* **TASK TO COMPLETE**
Nothing but the pictures should be left out when you copy the records exactly.

* **SOURCE DATA**
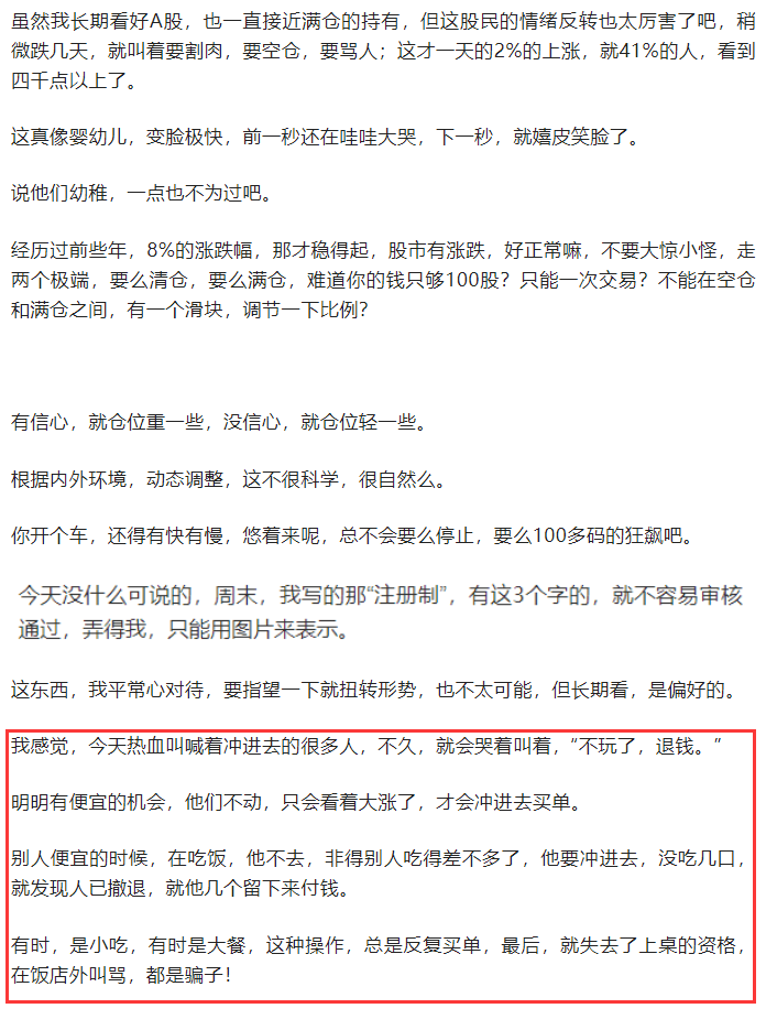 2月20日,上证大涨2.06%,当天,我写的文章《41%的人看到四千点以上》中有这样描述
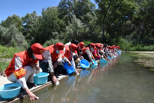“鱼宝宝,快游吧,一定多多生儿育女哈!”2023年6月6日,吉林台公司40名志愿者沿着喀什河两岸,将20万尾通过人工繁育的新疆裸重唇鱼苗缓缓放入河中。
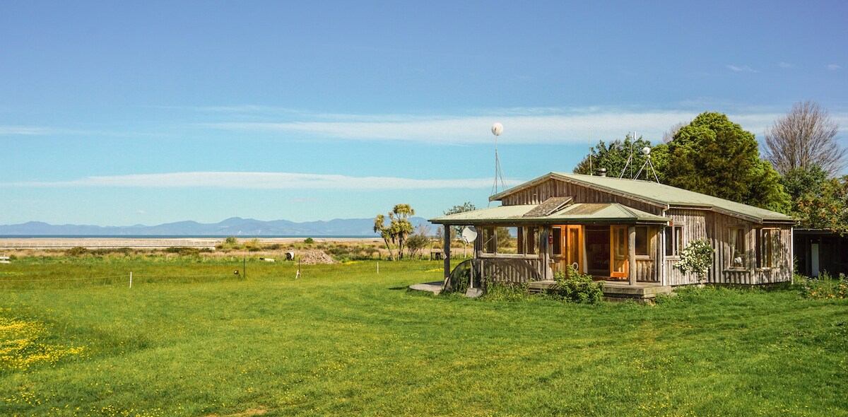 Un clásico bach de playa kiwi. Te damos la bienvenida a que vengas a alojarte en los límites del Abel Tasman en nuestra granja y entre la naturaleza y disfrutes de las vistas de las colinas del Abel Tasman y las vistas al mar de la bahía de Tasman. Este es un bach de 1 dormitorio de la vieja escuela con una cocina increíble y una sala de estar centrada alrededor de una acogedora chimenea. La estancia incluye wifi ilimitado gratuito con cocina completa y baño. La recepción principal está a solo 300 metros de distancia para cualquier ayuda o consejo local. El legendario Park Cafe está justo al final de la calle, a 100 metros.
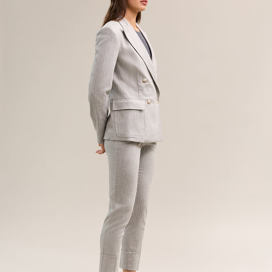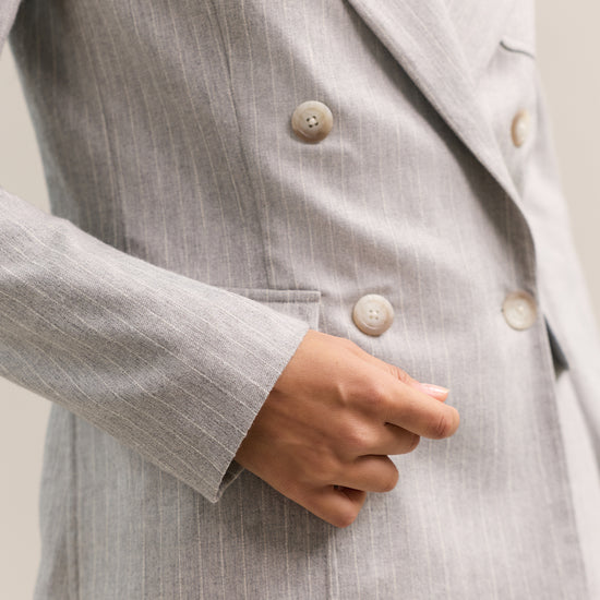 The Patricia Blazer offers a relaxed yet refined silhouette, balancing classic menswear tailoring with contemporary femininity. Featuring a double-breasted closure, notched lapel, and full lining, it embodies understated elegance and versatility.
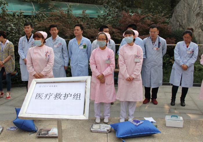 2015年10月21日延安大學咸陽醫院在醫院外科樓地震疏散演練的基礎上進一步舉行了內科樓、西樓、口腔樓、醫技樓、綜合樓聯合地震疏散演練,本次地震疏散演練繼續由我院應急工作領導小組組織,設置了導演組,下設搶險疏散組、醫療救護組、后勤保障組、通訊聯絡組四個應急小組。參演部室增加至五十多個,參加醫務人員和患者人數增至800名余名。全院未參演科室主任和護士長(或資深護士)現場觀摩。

* **SOLUTION**
 2月20日,上证大涨2.06%,当天,我写的文章《41%的人看到四千点以上》中有这样描述
“鱼宝宝,快游吧,一定多多生儿育女哈!”2023年6月6日,吉林台公司40名志愿者沿着喀什河两岸,将20万尾通过人工繁育的新疆裸重唇鱼苗缓缓放入河中。
 Un clásico bach de playa kiwi. Te damos la bienvenida a que vengas a alojarte en los límites del Abel Tasman en nuestra granja y entre la naturaleza y disfrutes de las vistas de las colinas del Abel Tasman y las vistas al mar de la bahía de Tasman. Este es un bach de 1 dormitorio de la vieja escuela con una cocina increíble y una sala de estar centrada alrededor de una acogedora chimenea. La estancia incluye wifi ilimitado gratuito con cocina completa y baño. La recepción principal está a solo 300 metros de distancia para cualquier ayuda o consejo local. El legendario Park Cafe está justo al final de la calle, a 100 metros.
 The Patricia Blazer offers a relaxed yet refined silhouette, balancing classic menswear tailoring with contemporary femininity. Featuring a double-breasted closure, notched lapel, and full lining, it embodies understated elegance and versatility.
 2015年10月21日延安大學咸陽醫院在醫院外科樓地震疏散演練的基礎上進一步舉行了內科樓、西樓、口腔樓、醫技樓、綜合樓聯合地震疏散演練,本次地震疏散演練繼續由我院應急工作領導小組組織,設置了導演組,下設搶險疏散組、醫療救護組、后勤保障組、通訊聯絡組四個應急小組。參演部室增加至五十多個,參加醫務人員和患者人數增至800名余名。全院未參演科室主任和護士長(或資深護士)現場觀摩。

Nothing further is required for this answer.